| Recorded data |
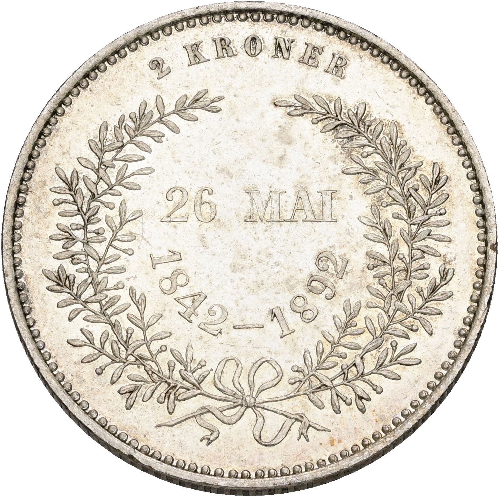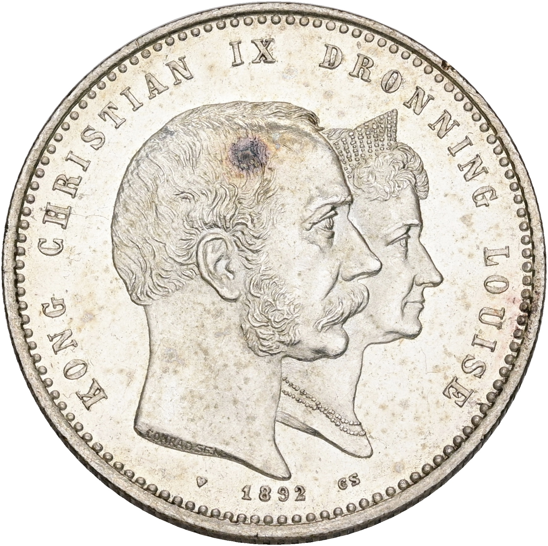 Christian IX, 2 kroner 1892, Kongeparrets guldbryllup, Sieg 2, H 11, kv. M-0, håndteringsspor.
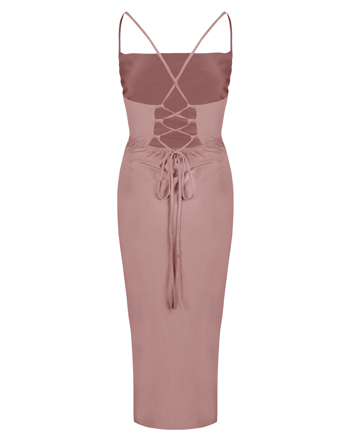 PERFECT WEDDING DRESS! Deze prachtige jurk is perfect voor een bruiloft. De jurk heeft een maxi lengte met een split gecombineerd met een geplooid effect op de heup en een veter detail aan de achterkant.... Lees meer
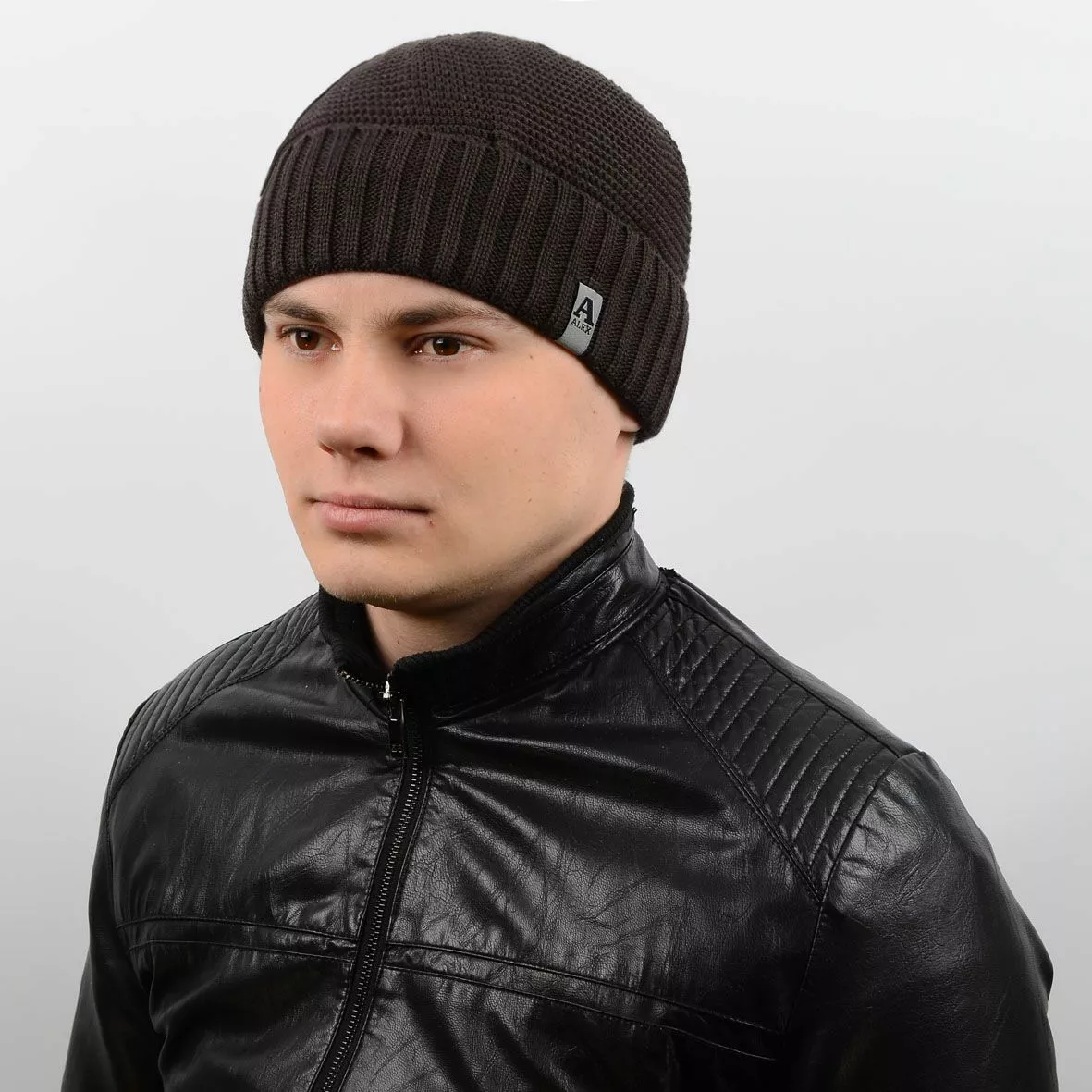 Теплая мужская шапка с подворотом, выполнена из шерсти с
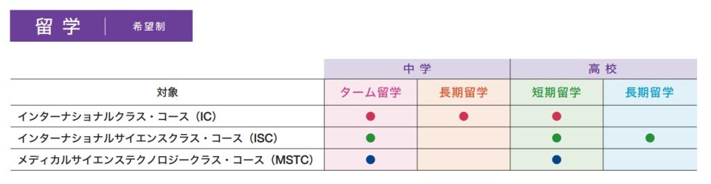 中学の長期留学(約8か月間)はICのみですが、高校の短期留学(約10日間)は全コースが対象となっています。また、インターナショナルサイエンス(ISC)は高校で長期留学(約10か月間)を用意。そのほかにも全コースが高校2年生で海外研修があり、ICはオーストラリア、ISCは台湾・カンボジア・フィンランド(選択制)、メディカルサイエンステクノロジー(MSTC)はシンガポールで学びを得ます。
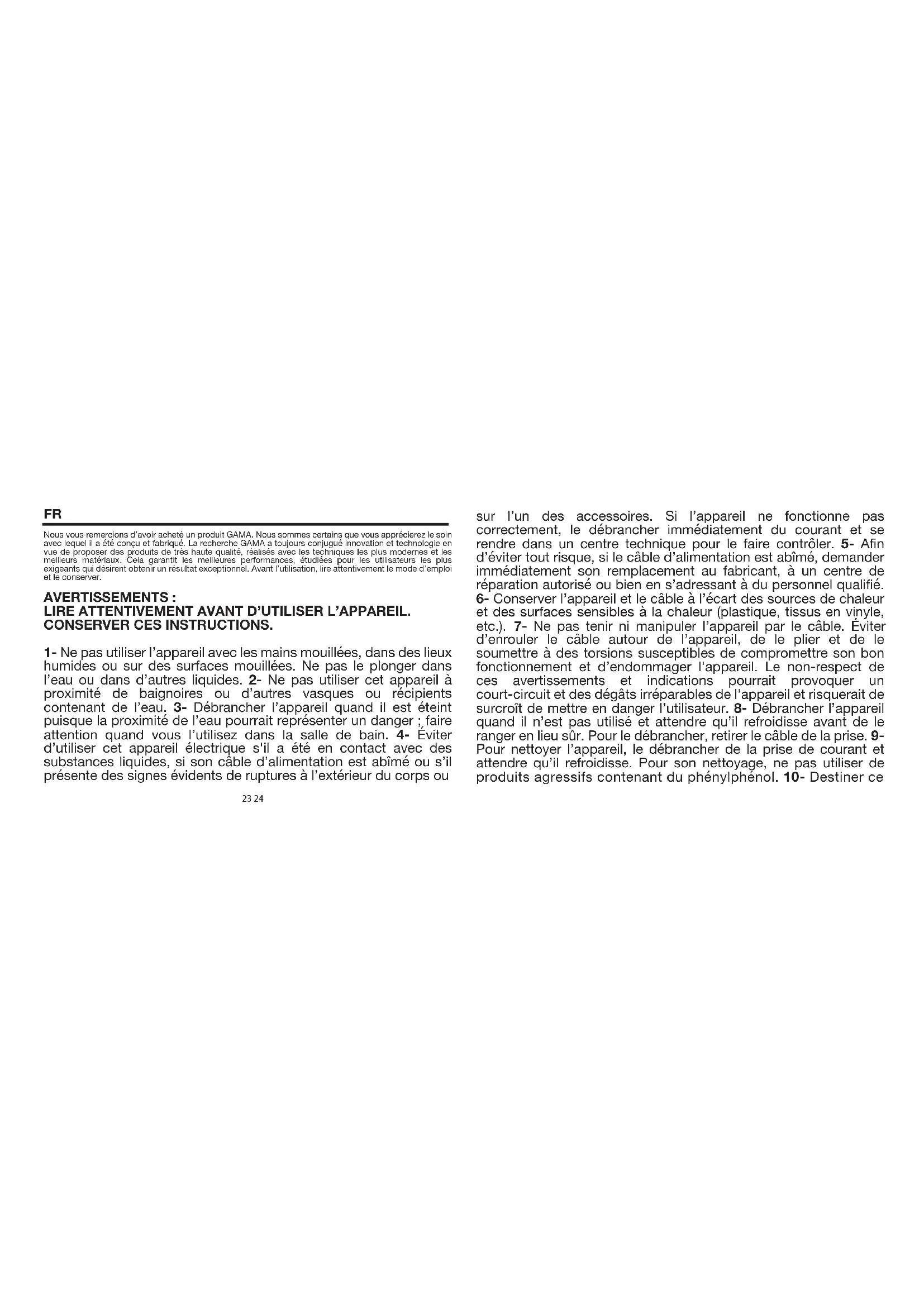 Nous vous remercions d'avoir acheté un produit GAMA. Nous sommes certains que vous apprécierez le soin avec lequel il a été conçu et fabriqué. La recherche GAMA a conjugué innovation et technologie en vue de proposer des produits de très haute qualité, réalisés avec les techniques les plus modernes et les meilleurs matériaux. Cela garantit les meilleures performances, étudiées pour les utilisateurs les plus exigeants qui désirent obtenir un résultat exceptionnel. Avant l'utilisation, lire attentivement le mode d'emploi et le conserver.

| What the task asks |
In the data above, start at the line holding "Теплая мужская шапка" and stop after the line holding "中学の長期留学(約8か月間)"; write out those lines exactly, without pictures.

| Exercise solution |
 Теплая мужская шапка с подворотом, выполнена из шерсти с
 中学の長期留学(約8か月間)はICのみですが、高校の短期留学(約10日間)は全コースが対象となっています。また、インターナショナルサイエンス(ISC)は高校で長期留学(約10か月間)を用意。そのほかにも全コースが高校2年生で海外研修があり、ICはオーストラリア、ISCは台湾・カンボジア・フィンランド(選択制)、メディカルサイエンステクノロジー(MSTC)はシンガポールで学びを得ます。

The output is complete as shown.